Academic background
- Alma mater: New York University
- Thesis: Le vice a la mode : Gustave Courbet and the vogue for lesbianism in the Second Empire (2000)
- Doctoral advisor: Linda Nochlin

= Maura Reilly =

Curator and writer of art

Maura Reilly is the director of the Zimmerli Art Museum at Rutgers University, and previously served as the founding curator of the Elizabeth A. Sackler Center for Feminist Art. Reilly is also known for developing the concept of 'curatorial activism'.

== Biography ==
Reilly earned a B.A. from Providence College in 1990. She has an M.A. and a Ph.D. from the New York University Institute of Fine Arts where she worked under the supervision of Linda Nochlin. Reilly has held positions at Arizona State University, the American Federation of Arts, as a professor and chair of art theory at the Queensland College of Art at the Griffith University in Brisbane, Australia, Reilly was the founding curator of the Elizabeth A. Sackler Center for Feminist Art at the Brooklyn Museum. She then became the executive director and chief curator of the National Academy of Design. In 2022 Reilly was named director of the Zimmerli Art Museum at Rutgers University.

== Academic work ==
In 2007, Reilly's first exhibition at the Sackler center was Global Feminisms which brought together works from 87 women, and presented the work of women in the context of society at large and not a sole focus on gender. Josephine Withers described the show as placing the exhibit beyond "a priori ideas about what feminist art should look like". Other exhibits that Reilly coordinated at the Sackler include a 2008 show on Ghada Amer.

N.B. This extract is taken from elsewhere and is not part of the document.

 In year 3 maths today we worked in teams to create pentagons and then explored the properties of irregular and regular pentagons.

In 2015, Reilly organized an all-women issue of ARTnews, in which she offered up statistics demonstrating systemic sexism in the art world. Her work on curatorial activism, as expanded upon in her book Curatorial Activism: Towards an Ethics of Curating, is cited by others as a means to teach the need for increased visibility of marginalized artists. Curatorial Activism: Towards an Ethics of Curating was listed as one of the Top 10 Best Art Books of 2018 from the New York Times.

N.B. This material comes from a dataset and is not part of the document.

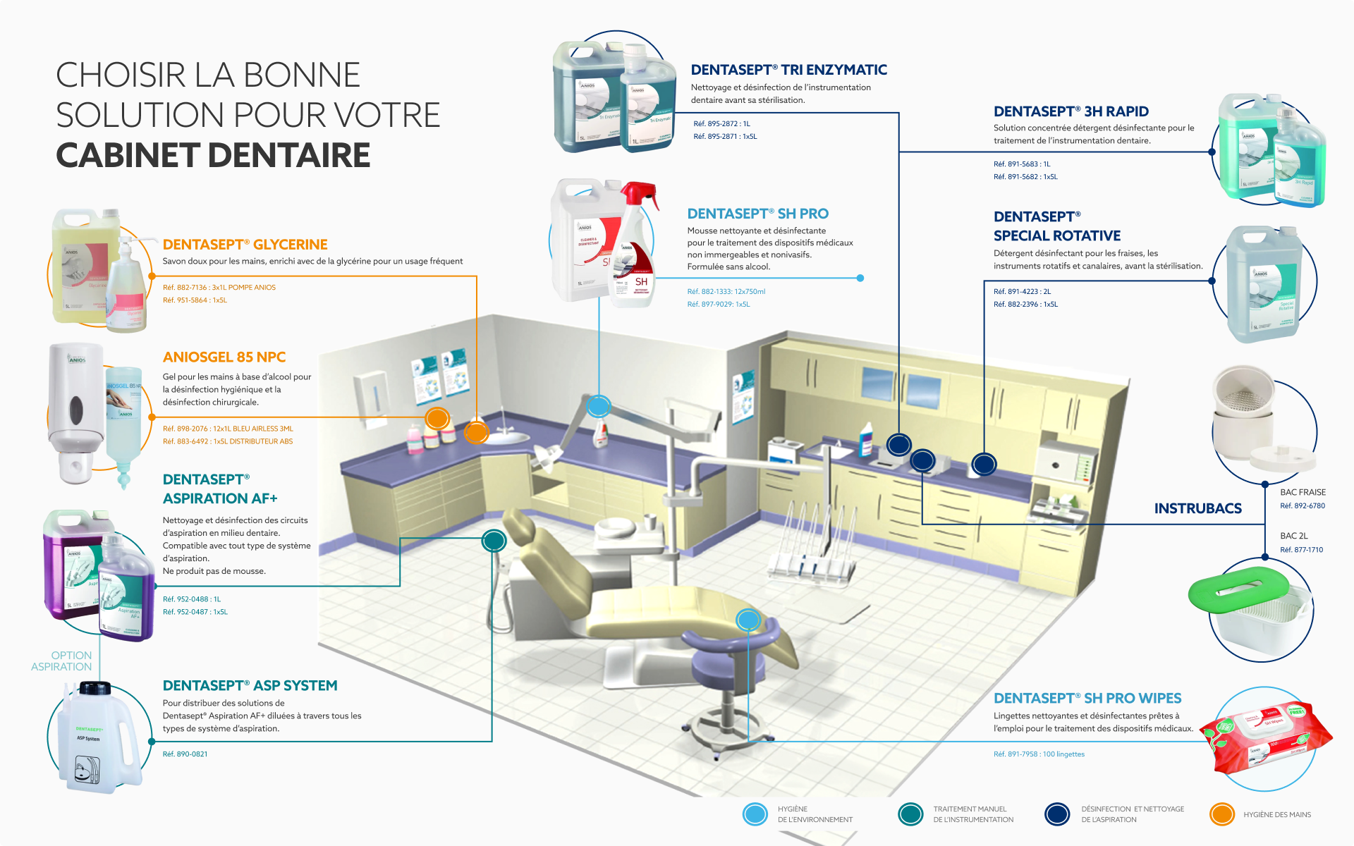 La lutte contre les micro-organismes impose une maîtrise totale de tous les paramètres de la désinfection, de l’antisepsie et de la détergence. Notre objectif est de proposer aux cabinets dentaires une offre globale, adaptée et de qualité pour la désinfection de votre environnement de travail.

In 2019 she wrote about the lack of representation of women artists in the reinstallation of the permanent collection at the Museum of Modern Art. Exhibits curated by Reilly have been reviewed by arts media across the globe, including, most recently, her exhibition Wandamba yalungka/Winds change direction, which was reviewed in 2021 by The Brooklyn Rail. Reilly and Linda Nochlin co-curated Global Feminisms: New Directions in Contemporary Art, which was the first show at the Brooklyn Museum's Elizabeth A. Sackler Center for Feminist Art; the show was reviewed by the popular press including The New Yorker magazine and the New York Times.

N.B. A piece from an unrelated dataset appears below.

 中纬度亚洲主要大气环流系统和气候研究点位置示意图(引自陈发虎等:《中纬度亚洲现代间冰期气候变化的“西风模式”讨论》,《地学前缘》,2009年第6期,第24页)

== Selected publications ==
- "Global feminisms : new directions in contemporary art" (2007)
- Reilly, Maura (2010). "Ghada Amer"
- Nochlin, Linda (2015). "Women artists : the Linda Nochlin reader"
- Reilly, Maura (2015). "Taking the Measure of Sexism: Facts, Figures, and Fixes"
- Reilly, Maura (2018). "Curatorial activism : towards an ethics of curating"

== Awards ==
In 2005, Reilly won the Future Leadership Award from ArtTable, and in 2006 she received the President Award from the Women's Caucus of Art. Reilly was the guest judge for the 2012 churchie emerging art prize.